Ontem mesmo a ABI - Associação Brasileira de Imprensa - e a Fenaj - Federação Nacional dos Jornalistas anunciaram que vão enviar um informe endereçado ao relator especial para a liberdade de expressão da Comissão Interamericana de Direitos Humanos (vinculada à OEA - Organização dos Estados Americanos) sobre a intromissão do STF nos limites da liberdade da imprensa no país. 

Paralelamente a isso, porém, jornalistas e sociedade têm que se entender sobre a importância da liberdade da imprensa para a democracia, unidos na exigência pela qualidade da informação e pela necessidade de o jornalismo ter o interesse público como o seu único norte. 

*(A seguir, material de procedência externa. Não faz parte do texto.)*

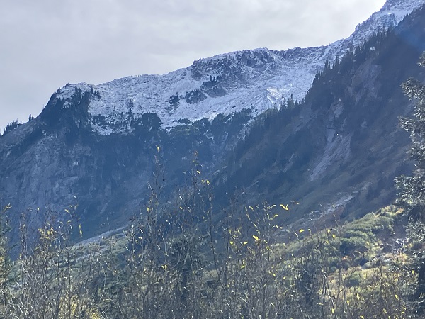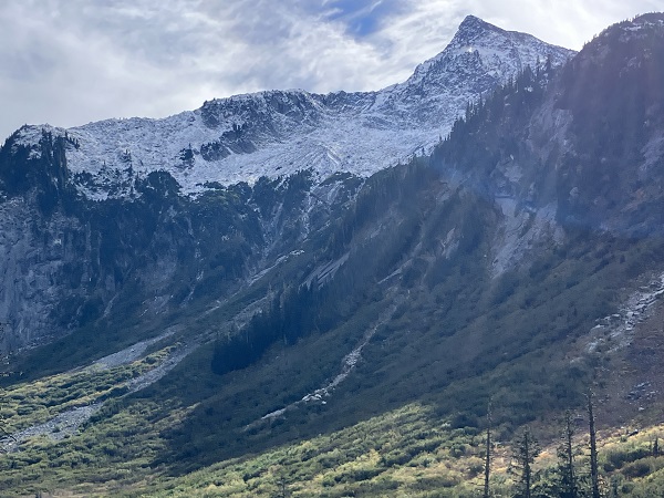 The weather was in-and-out clouds and sunshine, and the snow-dusted high ridges hinted at winter coming soon at this altitude.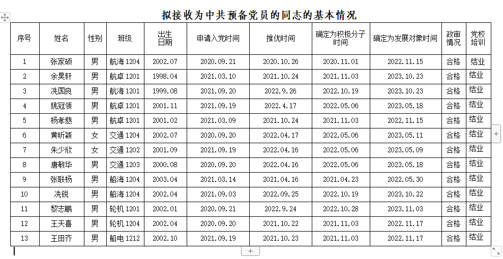 根据《w66发展党员工作实施细则》规定,经本人提出申请,党组织培养考察,支委会审查研究决定,经公司党委预审通过,拟接收冼国良等13名同志为中共预备党员。现将有关情况予以公示,征求党员、群众意见。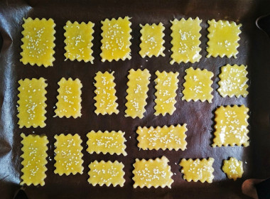 Подготовленное сырое печенье перенести на противень или форму для духовки, предварительно застеленный бумагой для выпечки. Сырой желток слегка взболтайте и кулинарной кистью смажьте поверхность печений. Посыпьте печенья тмином, крупной морской солью или оставьте совсем без посыпки. Поставьте противень с печеньем в предварительно разогретую до 180 °С духовку, выпекайте около 12-17 минут. Время выпечки будет зависеть от мощности духовки и толщины печенья.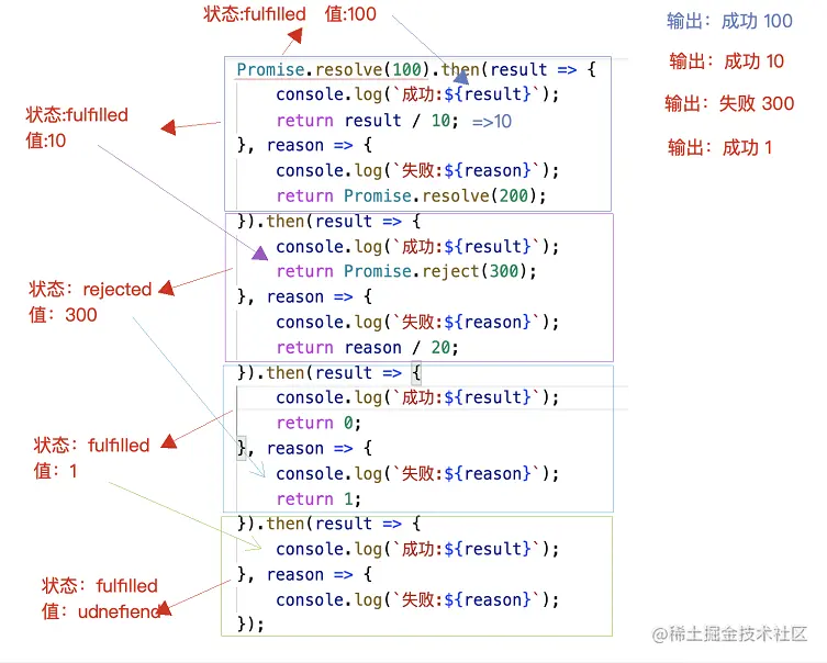 // 值:新的实例 -> 状态:rejected 值:100 */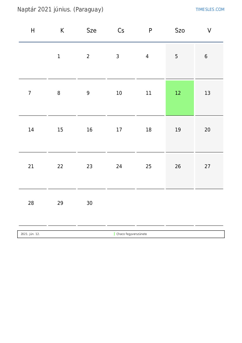 PDF naptár letöltése és nyomtatása ünnepekkel és hétvégékkel 2021 június Paraguayért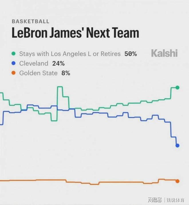 北京时间4月22日,NBA季后赛激战正酣,湖人球星詹姆斯的未来去向再次成为外界焦点。知名体育预测平台Kalshi Hoops更新了他下赛季的归属概率,数据显示,詹姆斯留在湖人或直接退役的可能性相加高达50%,其余潜在下家则分布较为分散。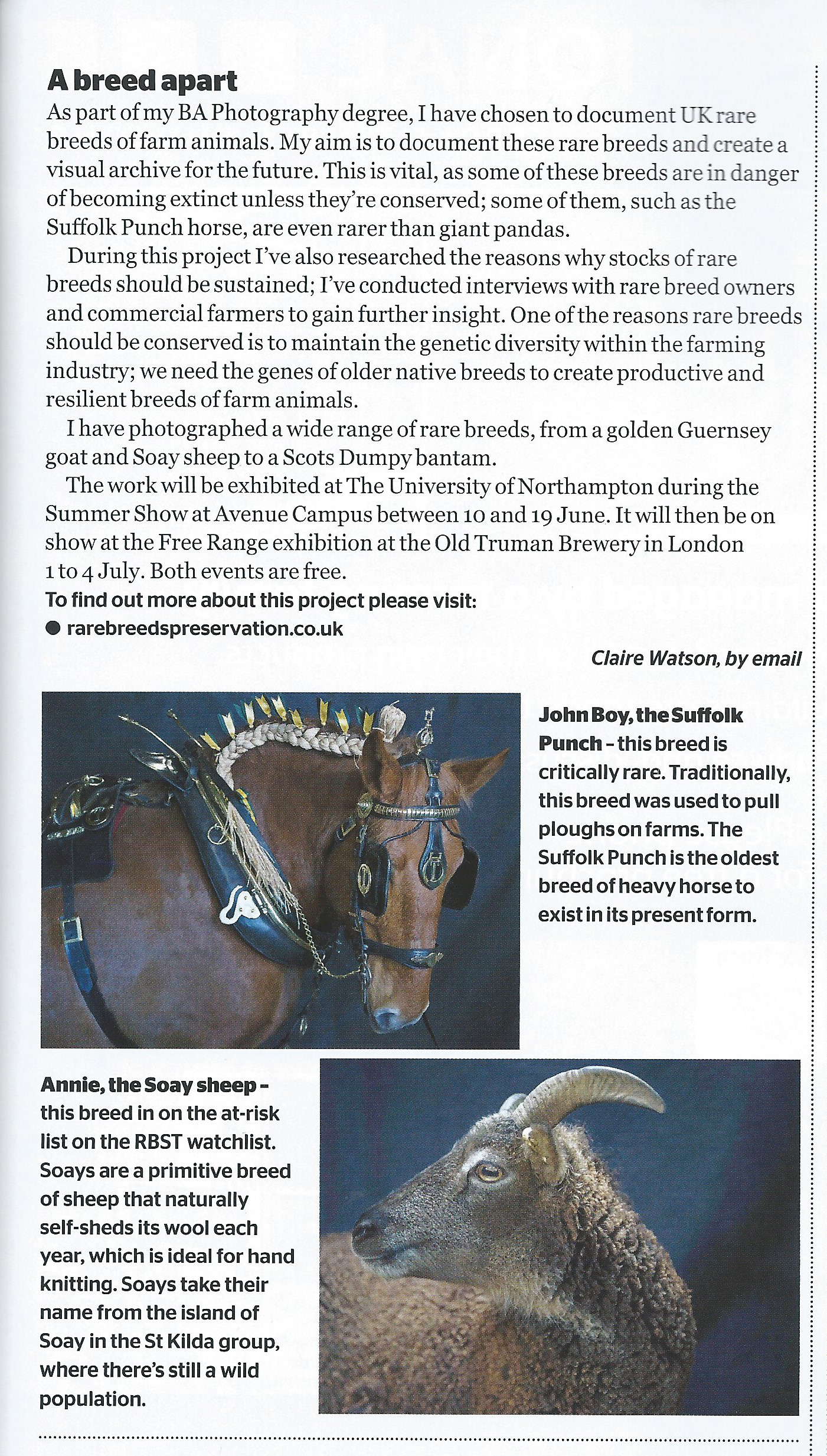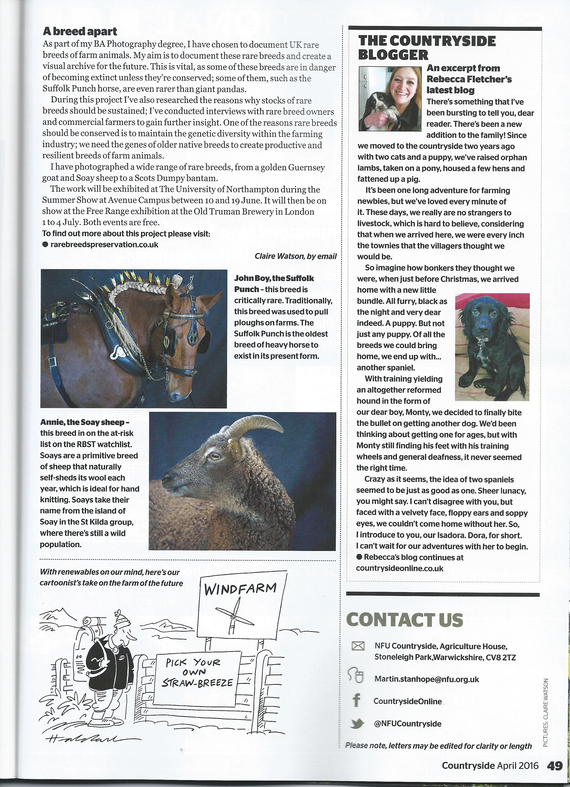 Article about my Rare Breeds Photography project in the Countryside Magazine.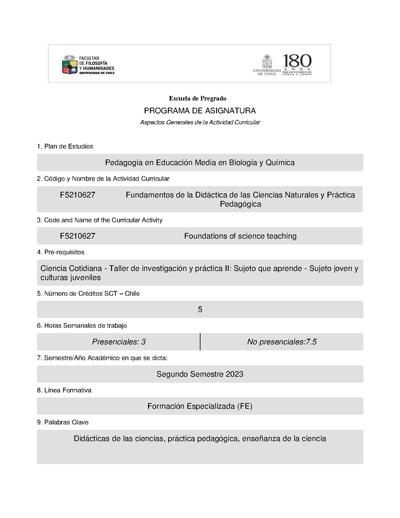 F5210627-1 Fundamentos de la Didáctica de las Ciencias Naturales y Práctica Pedagógica 2023, Segundo Semestre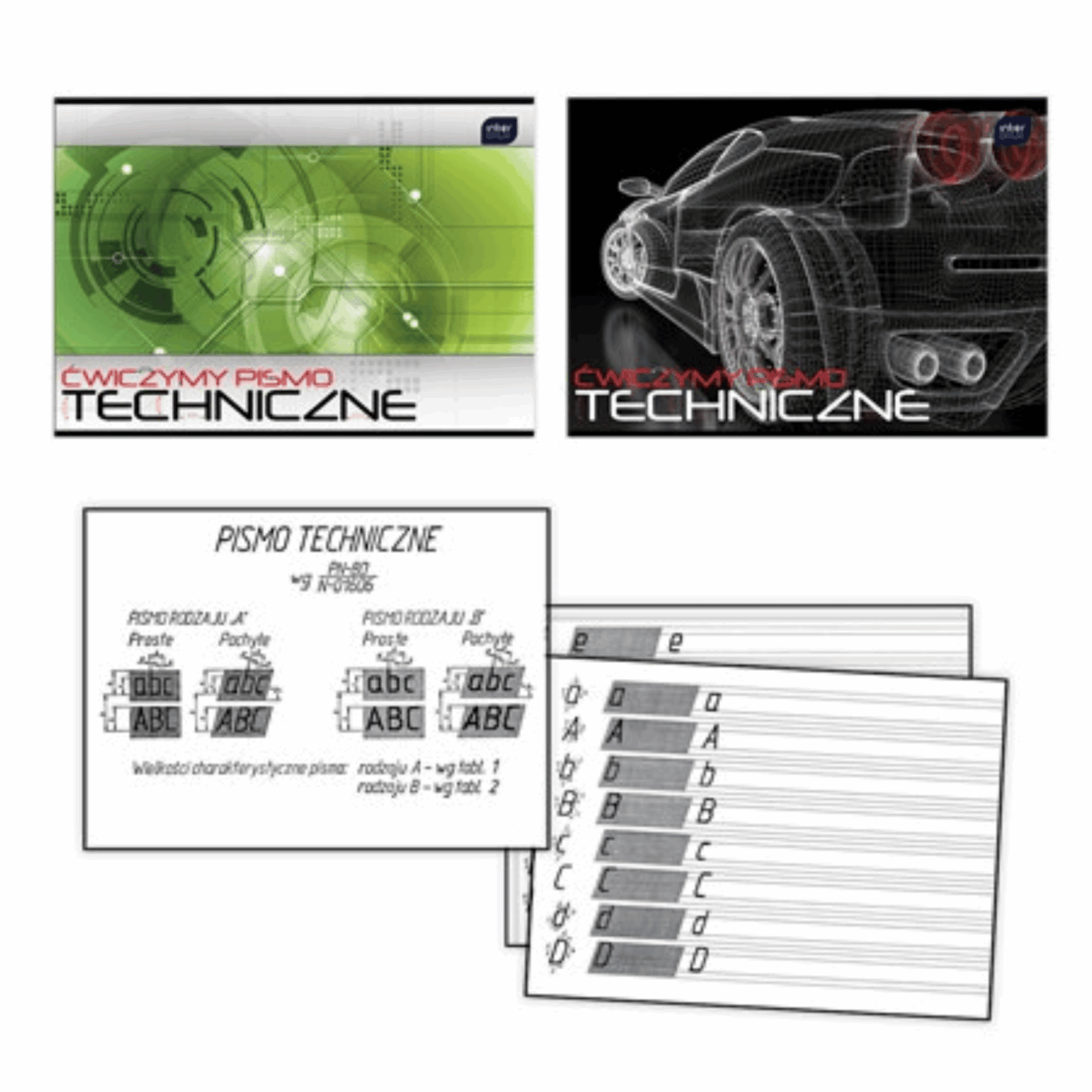 Format: A4. Książeczka z ćwiczeniami udoskonalającymi pismo techniczne.

Não cabe ao STF aprovar tese de repercussão geral que restringe a priori a liberdade de imprensa e vulnerabiliza o jornalismo, que passa a se sujeitar a interpretações de magistrados de instâncias inferiores. Com o agravante de que juízes locais frequentemente estão envolvidos nos conflitos retratados nas reportagens, são corporativistas quando as denúncias atingem membros do judiciário, além de tenderem a beneficiar homens brancos, poderosos ou abastados. O recente caso da condenação da repórter Schirley Alves está aí para comprovar os abusos da Justiça. 

Que os crimes reais sejam punidos de forma imparcial, analisados caso a caso, com os ministros do STF cumprindo o papel de juízes e também de guardiões da democracia e da Constituição, que entroniza a liberdade de imprensa. Afinal, como sabemos, quer na Justiça quer na imprensa, o diabo mora nos detalhes.